BEGIN Information supplied

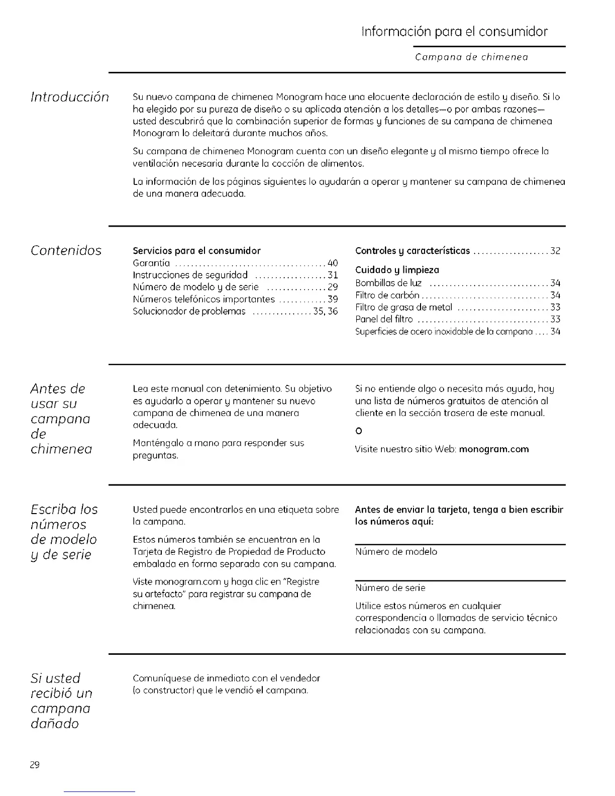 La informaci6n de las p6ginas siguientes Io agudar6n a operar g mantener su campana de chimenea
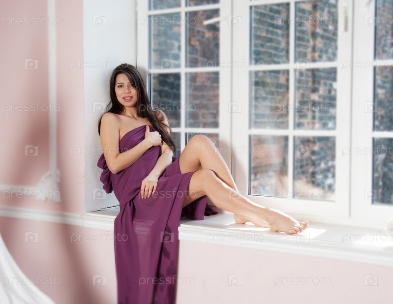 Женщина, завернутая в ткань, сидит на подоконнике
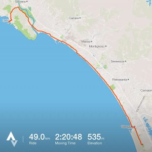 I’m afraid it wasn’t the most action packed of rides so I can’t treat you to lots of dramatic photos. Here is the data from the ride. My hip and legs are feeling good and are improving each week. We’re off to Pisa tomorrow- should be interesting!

END Information supplied

__What is expected__.
When you retype the listing above, keep each line exactly as written and drop the pictures.

__Worked solution__.
 La informaci6n de las p6ginas siguientes Io agudar6n a operar g mantener su campana de chimenea
 Женщина, завернутая в ткань, сидит на подоконнике
 I’m afraid it wasn’t the most action packed of rides so I can’t treat you to lots of dramatic photos. Here is the data from the ride. My hip and legs are feeling good and are improving each week. We’re off to Pisa tomorrow- should be interesting!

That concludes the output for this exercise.